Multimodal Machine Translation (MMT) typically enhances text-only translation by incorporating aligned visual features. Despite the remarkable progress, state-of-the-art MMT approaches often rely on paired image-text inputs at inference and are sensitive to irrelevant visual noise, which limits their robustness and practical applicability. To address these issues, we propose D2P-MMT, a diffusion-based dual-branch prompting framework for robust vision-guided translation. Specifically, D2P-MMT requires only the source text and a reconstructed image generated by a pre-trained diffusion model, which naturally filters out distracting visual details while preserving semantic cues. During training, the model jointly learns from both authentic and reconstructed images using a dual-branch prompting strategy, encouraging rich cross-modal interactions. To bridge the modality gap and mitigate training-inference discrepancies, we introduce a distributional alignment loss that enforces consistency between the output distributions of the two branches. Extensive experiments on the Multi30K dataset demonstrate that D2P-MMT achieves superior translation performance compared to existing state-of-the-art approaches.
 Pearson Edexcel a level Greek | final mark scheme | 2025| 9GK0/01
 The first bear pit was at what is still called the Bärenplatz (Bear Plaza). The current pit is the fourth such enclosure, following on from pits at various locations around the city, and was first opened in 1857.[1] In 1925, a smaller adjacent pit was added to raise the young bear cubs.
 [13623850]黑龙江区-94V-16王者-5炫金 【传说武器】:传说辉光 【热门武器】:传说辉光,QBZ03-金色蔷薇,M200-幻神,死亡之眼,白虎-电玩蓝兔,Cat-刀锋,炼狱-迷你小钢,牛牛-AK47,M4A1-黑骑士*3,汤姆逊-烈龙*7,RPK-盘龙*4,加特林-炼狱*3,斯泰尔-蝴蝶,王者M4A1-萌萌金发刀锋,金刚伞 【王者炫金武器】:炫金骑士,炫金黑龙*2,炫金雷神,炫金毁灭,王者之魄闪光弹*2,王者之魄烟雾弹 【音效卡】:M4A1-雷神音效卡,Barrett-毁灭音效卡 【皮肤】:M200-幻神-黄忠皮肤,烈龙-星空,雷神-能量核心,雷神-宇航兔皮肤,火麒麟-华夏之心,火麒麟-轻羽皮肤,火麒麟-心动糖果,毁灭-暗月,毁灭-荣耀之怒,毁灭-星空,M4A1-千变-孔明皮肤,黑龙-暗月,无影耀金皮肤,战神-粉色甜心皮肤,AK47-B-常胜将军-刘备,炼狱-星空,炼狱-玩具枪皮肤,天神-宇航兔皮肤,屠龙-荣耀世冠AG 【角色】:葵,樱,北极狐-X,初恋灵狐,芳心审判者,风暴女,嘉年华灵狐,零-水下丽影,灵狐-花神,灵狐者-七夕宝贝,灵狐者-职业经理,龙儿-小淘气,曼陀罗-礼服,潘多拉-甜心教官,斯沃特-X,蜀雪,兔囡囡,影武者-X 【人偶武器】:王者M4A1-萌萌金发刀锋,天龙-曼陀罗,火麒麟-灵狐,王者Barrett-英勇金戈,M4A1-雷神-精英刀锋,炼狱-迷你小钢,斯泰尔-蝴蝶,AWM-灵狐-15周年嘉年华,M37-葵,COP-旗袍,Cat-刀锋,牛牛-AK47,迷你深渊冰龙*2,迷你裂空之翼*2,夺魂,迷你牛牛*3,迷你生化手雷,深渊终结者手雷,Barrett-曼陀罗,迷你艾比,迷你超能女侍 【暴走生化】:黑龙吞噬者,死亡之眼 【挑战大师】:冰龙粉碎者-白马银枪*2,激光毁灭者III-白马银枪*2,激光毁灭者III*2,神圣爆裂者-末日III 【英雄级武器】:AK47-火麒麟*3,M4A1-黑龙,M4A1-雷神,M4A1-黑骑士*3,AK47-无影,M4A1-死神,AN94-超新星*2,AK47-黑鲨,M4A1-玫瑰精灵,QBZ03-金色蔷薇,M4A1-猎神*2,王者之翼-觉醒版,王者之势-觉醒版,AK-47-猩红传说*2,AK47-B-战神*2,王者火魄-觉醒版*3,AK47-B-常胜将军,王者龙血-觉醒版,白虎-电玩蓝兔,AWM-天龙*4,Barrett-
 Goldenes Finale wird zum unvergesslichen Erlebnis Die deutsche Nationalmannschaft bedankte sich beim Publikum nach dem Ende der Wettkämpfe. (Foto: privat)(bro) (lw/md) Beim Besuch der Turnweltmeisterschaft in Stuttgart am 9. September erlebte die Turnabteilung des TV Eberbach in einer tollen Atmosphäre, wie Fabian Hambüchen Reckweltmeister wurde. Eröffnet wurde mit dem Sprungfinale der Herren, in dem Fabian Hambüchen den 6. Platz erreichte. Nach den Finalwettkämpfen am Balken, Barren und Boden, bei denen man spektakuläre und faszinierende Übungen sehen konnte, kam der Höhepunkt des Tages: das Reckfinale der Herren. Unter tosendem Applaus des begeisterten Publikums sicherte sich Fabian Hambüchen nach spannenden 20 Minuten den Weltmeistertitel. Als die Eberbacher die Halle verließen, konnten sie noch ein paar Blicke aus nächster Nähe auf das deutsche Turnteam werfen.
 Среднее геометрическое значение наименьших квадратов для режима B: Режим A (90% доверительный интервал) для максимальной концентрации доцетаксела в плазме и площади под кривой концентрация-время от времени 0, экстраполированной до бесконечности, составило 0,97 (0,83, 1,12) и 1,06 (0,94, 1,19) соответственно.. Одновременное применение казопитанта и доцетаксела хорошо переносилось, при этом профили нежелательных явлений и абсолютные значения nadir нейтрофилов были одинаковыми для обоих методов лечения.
----
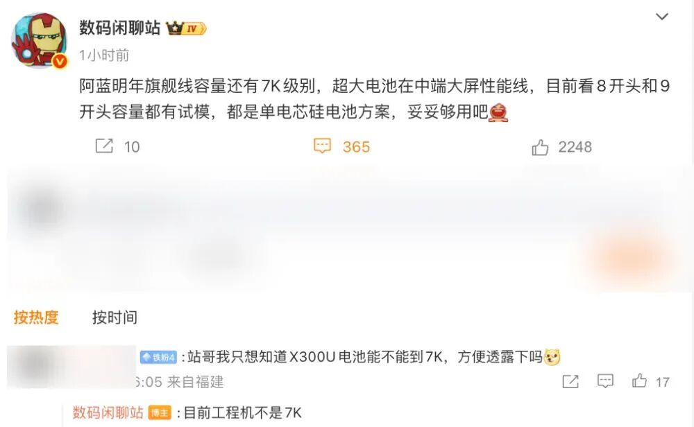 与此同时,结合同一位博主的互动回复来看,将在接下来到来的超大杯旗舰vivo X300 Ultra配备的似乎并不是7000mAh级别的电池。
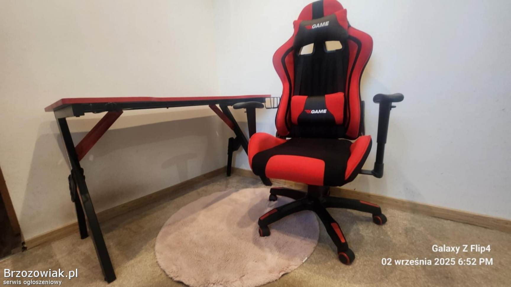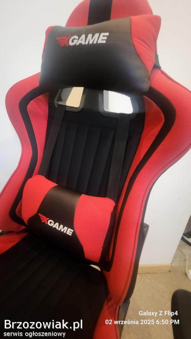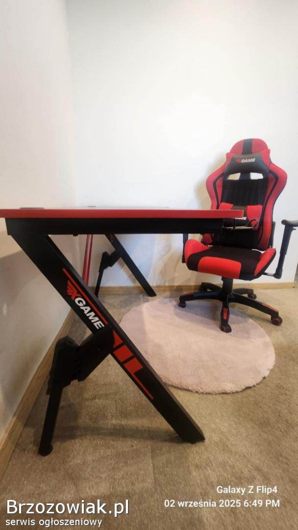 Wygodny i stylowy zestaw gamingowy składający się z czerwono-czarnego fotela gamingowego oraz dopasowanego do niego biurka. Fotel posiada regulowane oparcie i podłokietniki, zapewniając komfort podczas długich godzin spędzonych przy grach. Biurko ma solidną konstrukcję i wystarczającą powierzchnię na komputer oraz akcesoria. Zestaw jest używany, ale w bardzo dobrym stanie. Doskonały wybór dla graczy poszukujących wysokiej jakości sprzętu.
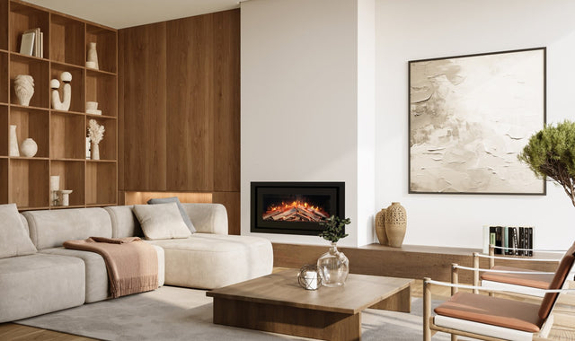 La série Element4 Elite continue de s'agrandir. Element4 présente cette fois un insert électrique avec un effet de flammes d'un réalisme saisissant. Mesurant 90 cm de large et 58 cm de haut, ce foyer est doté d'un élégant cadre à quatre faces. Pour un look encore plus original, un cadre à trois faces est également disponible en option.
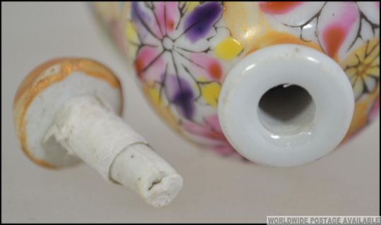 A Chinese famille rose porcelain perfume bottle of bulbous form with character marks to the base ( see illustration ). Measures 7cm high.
----
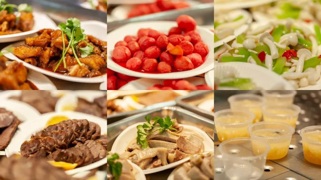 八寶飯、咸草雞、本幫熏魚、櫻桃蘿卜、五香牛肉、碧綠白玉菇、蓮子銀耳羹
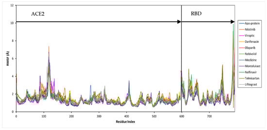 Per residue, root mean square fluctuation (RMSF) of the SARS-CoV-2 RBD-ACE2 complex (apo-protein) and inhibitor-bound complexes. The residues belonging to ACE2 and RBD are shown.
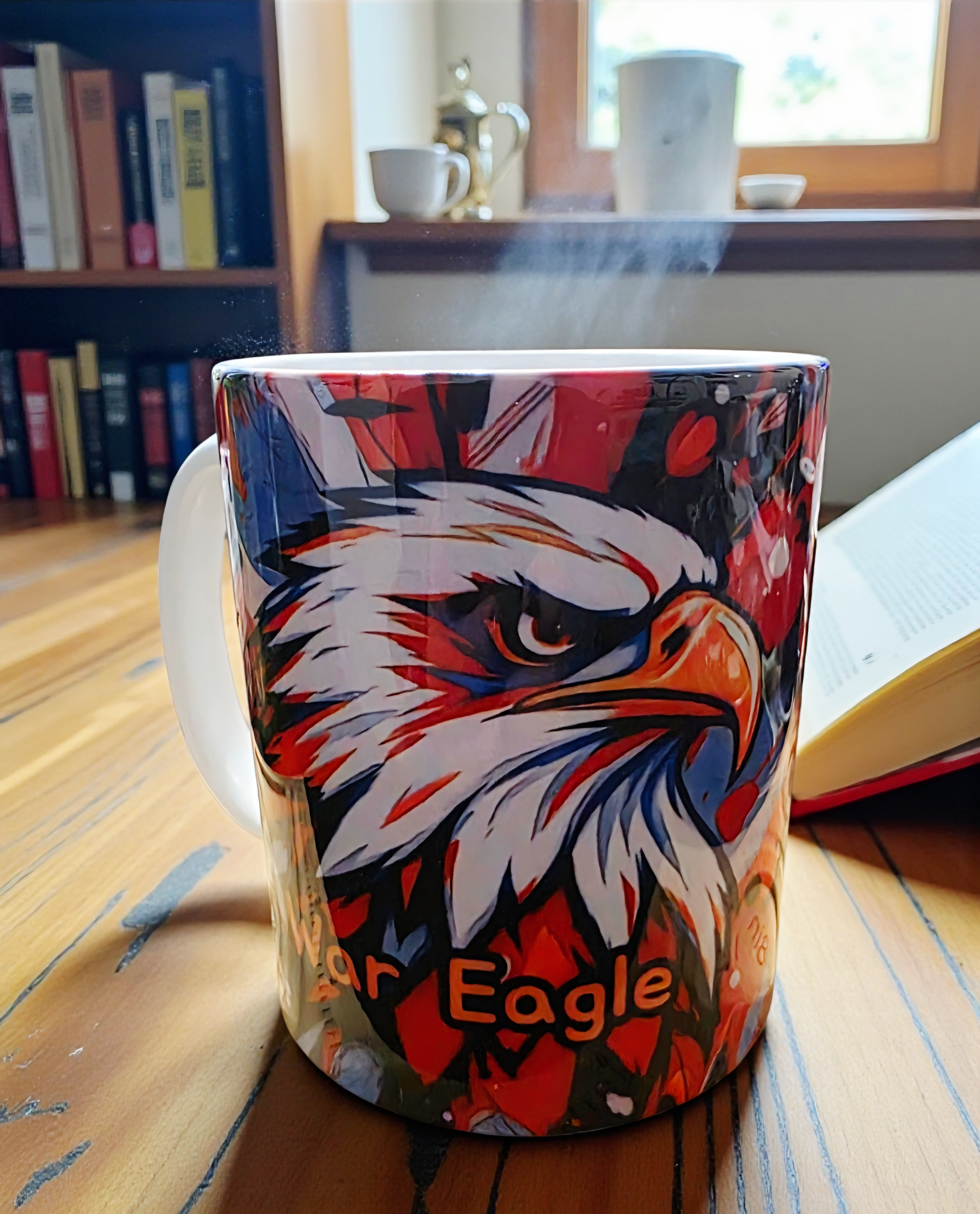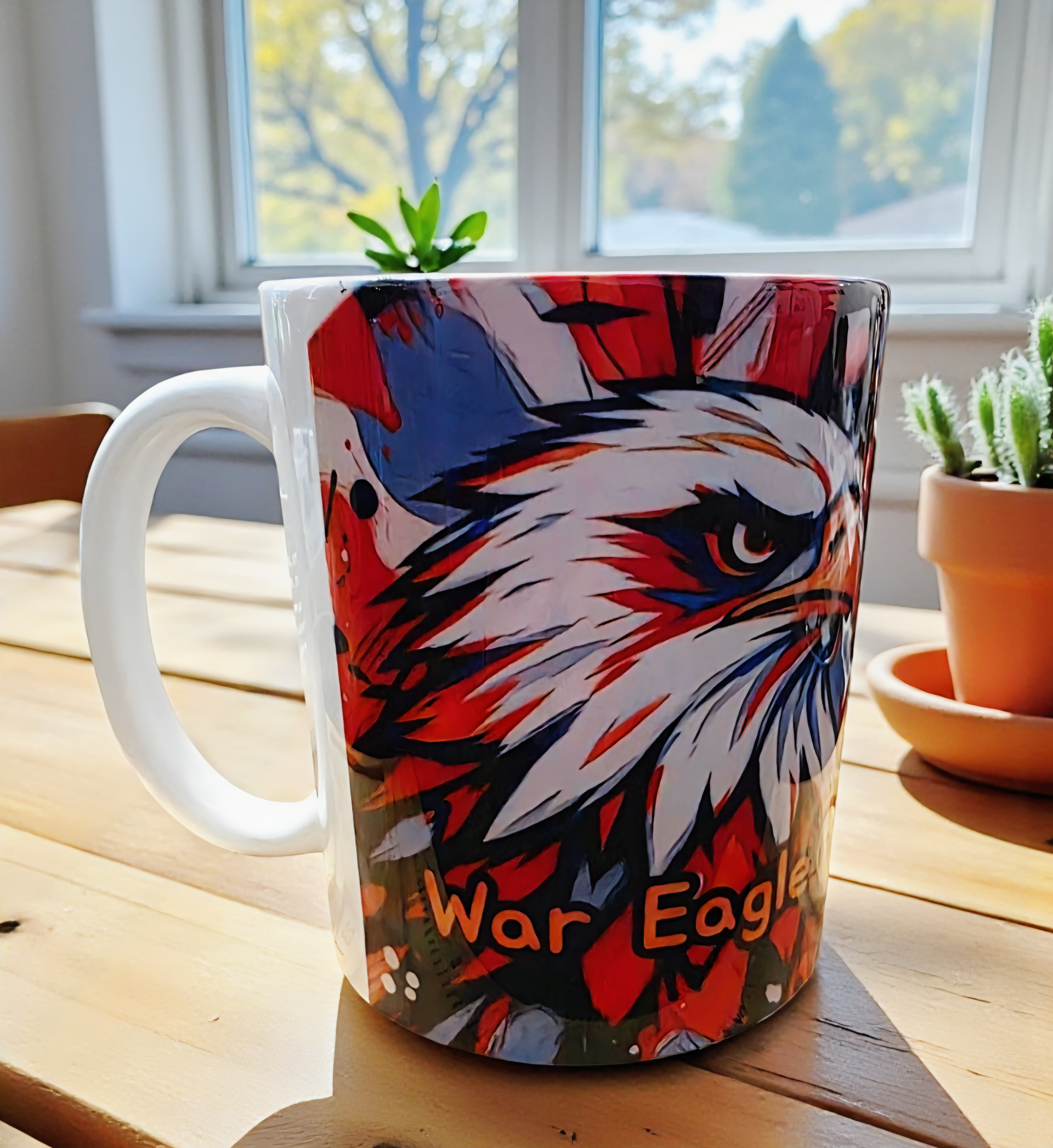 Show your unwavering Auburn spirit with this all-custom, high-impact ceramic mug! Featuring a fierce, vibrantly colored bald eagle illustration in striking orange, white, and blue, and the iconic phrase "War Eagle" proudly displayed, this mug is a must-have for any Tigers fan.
----
Problem description:
In the data above, find the line containing "Per residue, root" and the line containing "Show your unwavering". Copy exactly the stretch from the first through the second, both included, leaving out any picture.

Output for this task:
 Per residue, root mean square fluctuation (RMSF) of the SARS-CoV-2 RBD-ACE2 complex (apo-protein) and inhibitor-bound complexes. The residues belonging to ACE2 and RBD are shown.
 Show your unwavering Auburn spirit with this all-custom, high-impact ceramic mug! Featuring a fierce, vibrantly colored bald eagle illustration in striking orange, white, and blue, and the iconic phrase "War Eagle" proudly displayed, this mug is a must-have for any Tigers fan.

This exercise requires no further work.